Inclusive and sustainable growth is another way to ease the debt burden. The problem is Covid-19 is expected to undermine economic growth, globally. With the IMF projecting a contraction of 3%.
"Unless the virus releases a surge in productivity and business investment, strong growth looks like an unlikely solution to the growing debt burden," he said.
The SA economy was already in a recession ahead of a nationwide lockdown instituted to slow the spread of Covid-19. The country is slowly reopening sectors of the economy, but Treasury projects a contraction of 16.1% based on a protracted lockdown and an even longer recovery in economic activity.
Government could also increase its income by raising taxes. "Widespread tax rises seem unlikely for now," said Silberston. If governments do opt to raise taxes, they may target corporates or consider wealth taxes, he added.
In SA, government has introduced a set of tax relief measures amounting to R70 billion have been implemented. They include deferrals on excise duties, carbon tax, and employees' tax, including the postponement on corporate tax proposals.
6. Reduce spending
Another option is to reduce spending, but Silberston said this unlikely. In the medium-term spending could be reined in, but not at this point.
7. Funny money
Silberston said governments could be pushed to drastic measures – such as merging monetary and fiscal policy. For example, having no constraints on government spending apart from inflation. Or would involve central banks printing more money, and using it to buy government debt directly from Treasury.
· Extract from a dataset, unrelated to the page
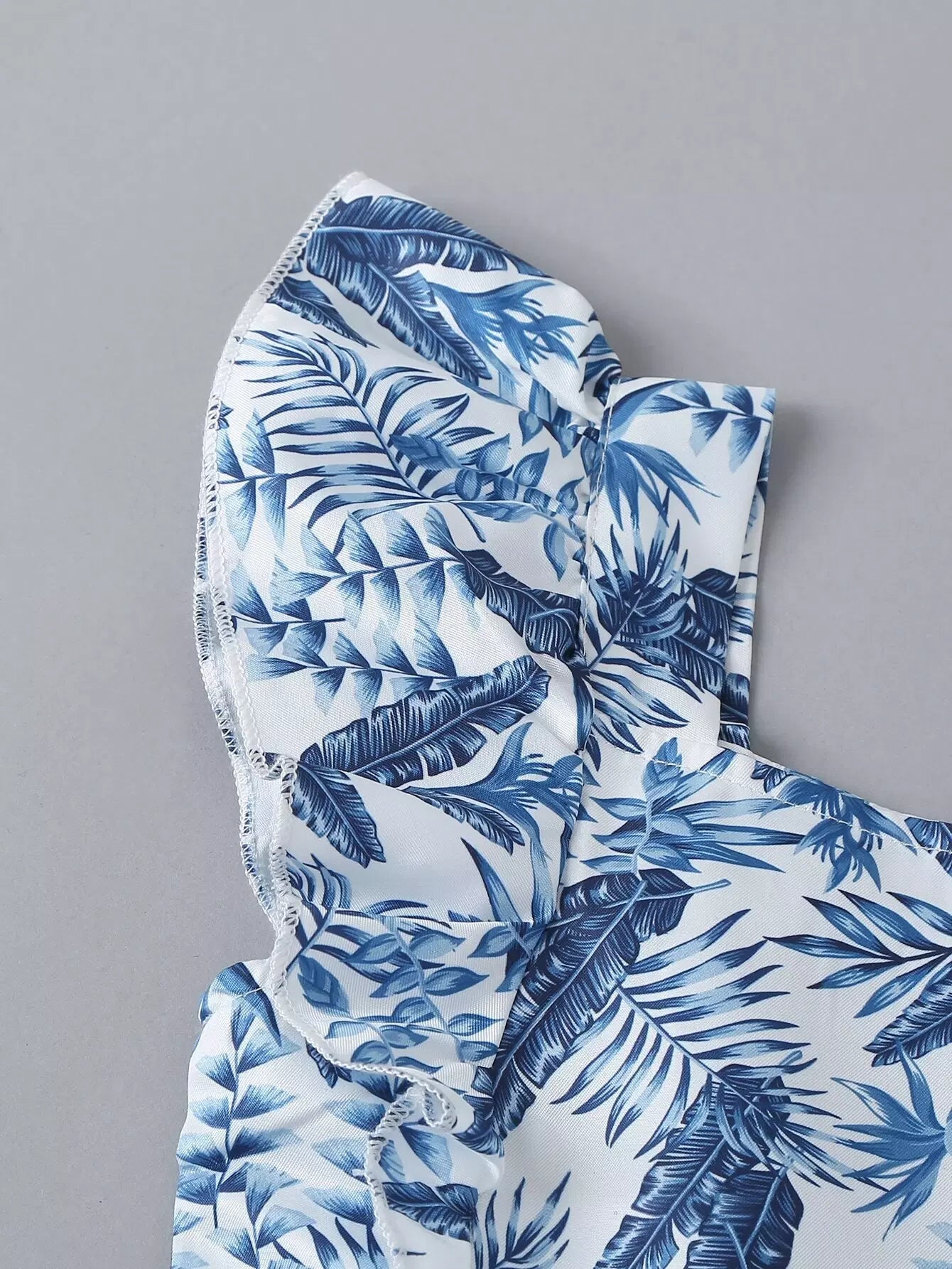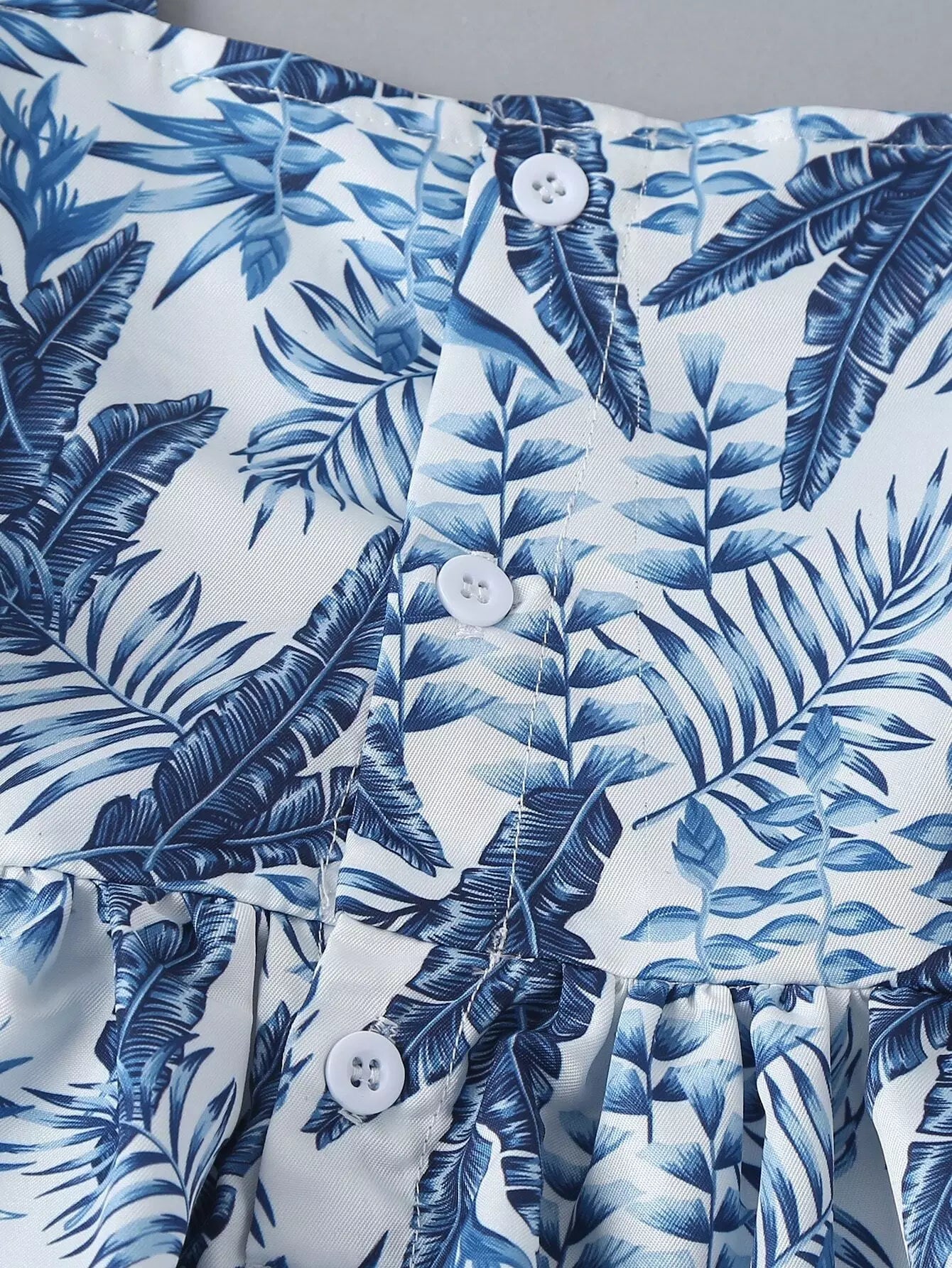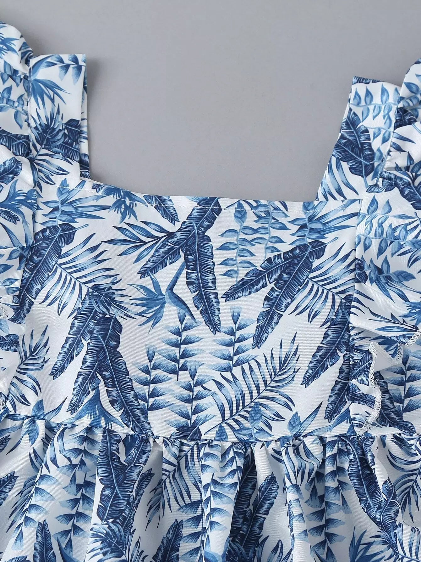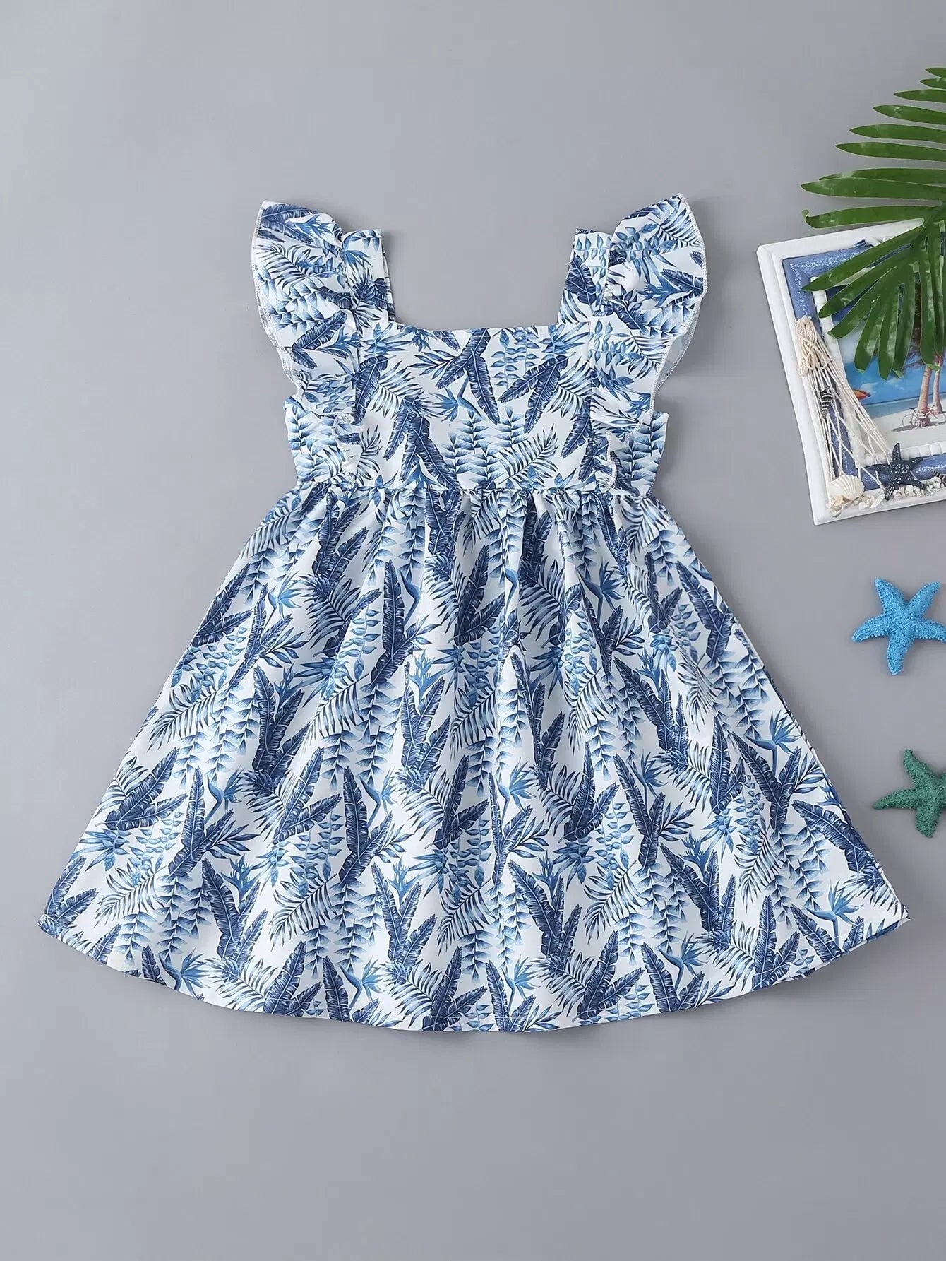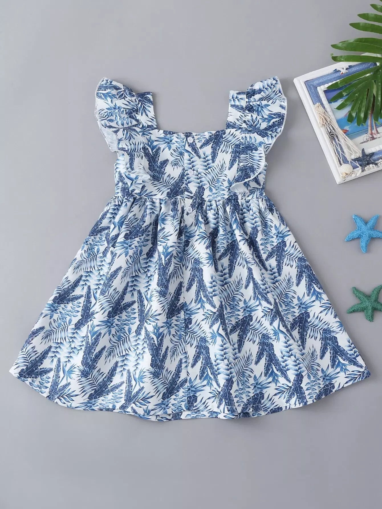 Toddler Girls Allover Leaf Print Ruffle Trim Smock Dress

SA's deputy finance minister David Masondo has called for the Reserve Bank to do more to help bolster the country's efforts to fight Covid-19, by potentially buying government bonds directly from Treasury. However, Reserve Bank Governor Lesetja Kganyago has warned against the idea of central banks being drawn into the fiscal policy space.
Kganyago has stressed the importance of the bank maintaining independence, and the separation of fiscal and monetary authorities has been outlined in the Constitution. Legislation also limits the amount of government debt the Reserve Bank can purchase from the primary market. As a member of the Southern African Development Community, the bank is limited from providing more than 10% of funding to government, Kganyago previously said.